Top of Entries provided
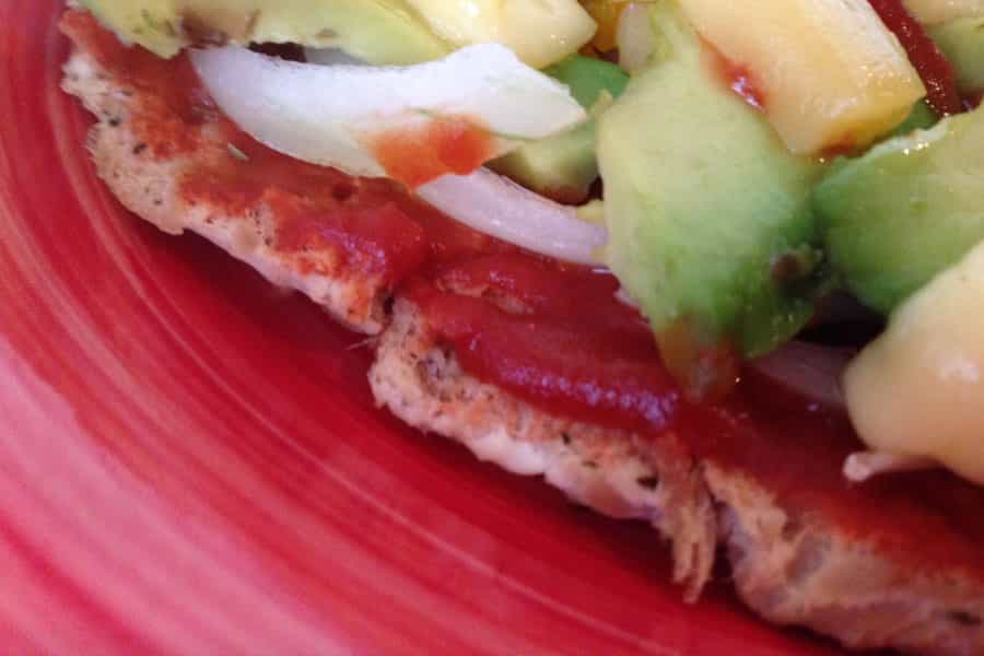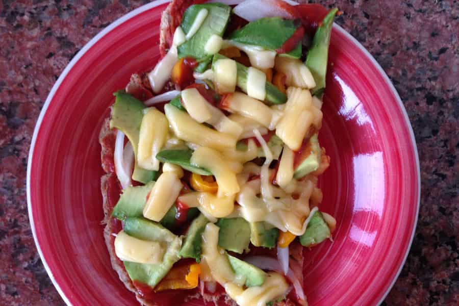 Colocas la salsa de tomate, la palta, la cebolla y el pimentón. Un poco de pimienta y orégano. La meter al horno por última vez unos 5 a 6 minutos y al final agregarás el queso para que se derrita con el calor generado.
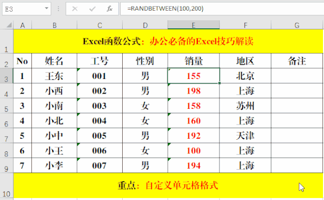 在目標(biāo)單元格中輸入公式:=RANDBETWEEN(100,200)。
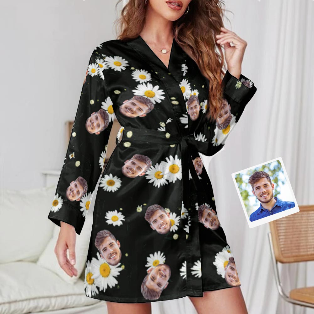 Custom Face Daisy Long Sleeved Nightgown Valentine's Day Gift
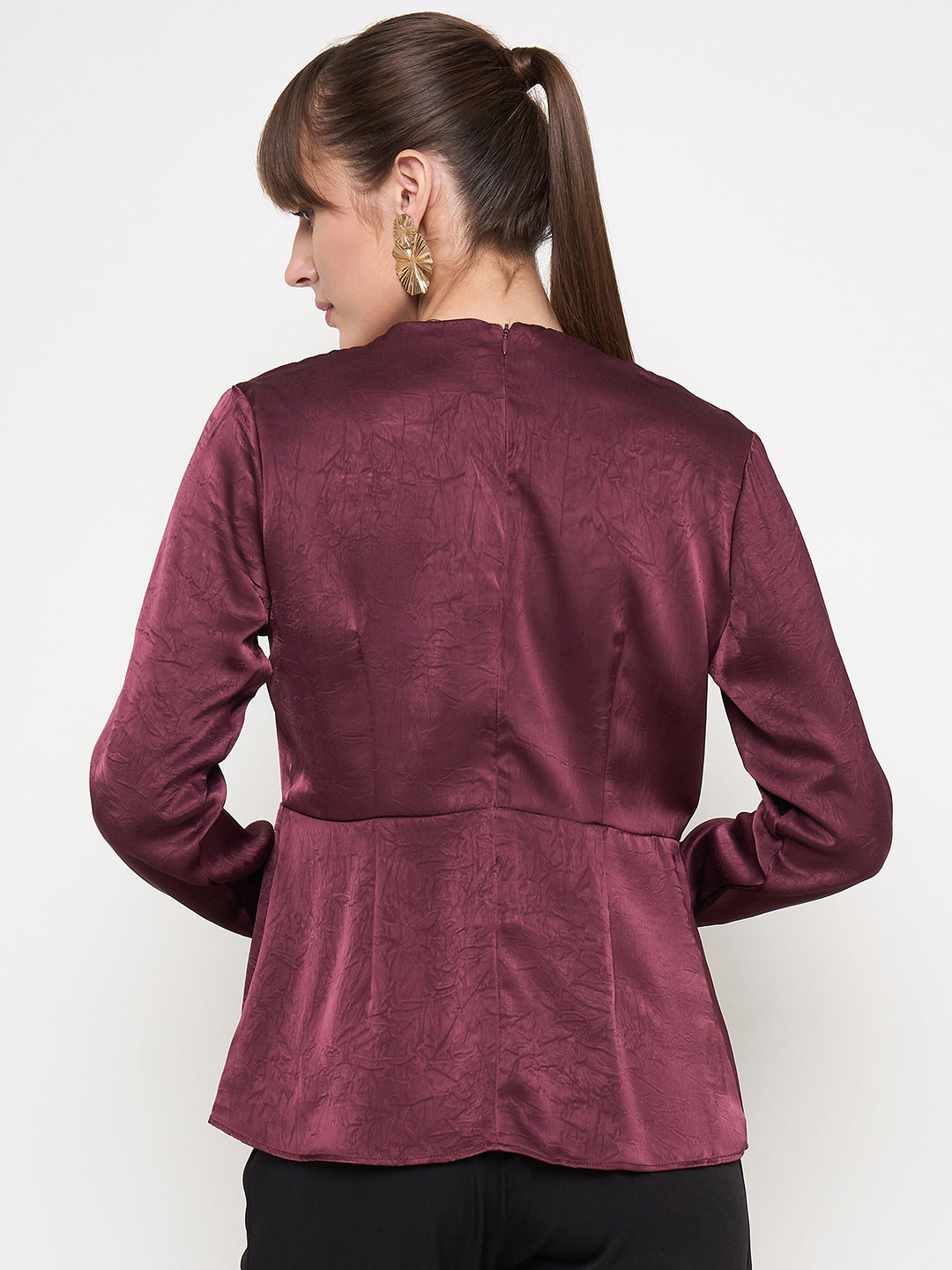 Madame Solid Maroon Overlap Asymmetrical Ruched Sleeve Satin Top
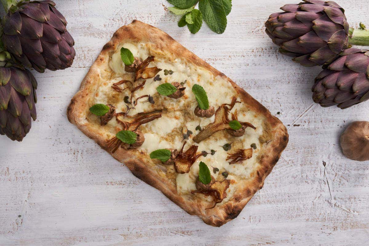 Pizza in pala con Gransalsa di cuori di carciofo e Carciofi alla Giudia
Bottom of Entries provided
Top of Entries provided
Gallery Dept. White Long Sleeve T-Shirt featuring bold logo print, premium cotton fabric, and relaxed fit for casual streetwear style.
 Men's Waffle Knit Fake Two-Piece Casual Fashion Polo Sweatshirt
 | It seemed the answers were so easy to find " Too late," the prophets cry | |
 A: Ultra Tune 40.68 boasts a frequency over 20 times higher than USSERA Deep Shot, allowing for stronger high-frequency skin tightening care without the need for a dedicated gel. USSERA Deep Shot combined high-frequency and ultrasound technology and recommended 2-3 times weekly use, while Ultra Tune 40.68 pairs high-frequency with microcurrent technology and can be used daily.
Bottom of Entries provided
■ What you will do
While skipping the pictures, transcribe the data above from the line showing "Custom Face Daisy" through the line showing "Pizza in pala", exactly and with both ends.

■ Solution for this task
 Custom Face Daisy Long Sleeved Nightgown Valentine's Day Gift
 Madame Solid Maroon Overlap Asymmetrical Ruched Sleeve Satin Top
 Pizza in pala con Gransalsa di cuori di carciofo e Carciofi alla Giudia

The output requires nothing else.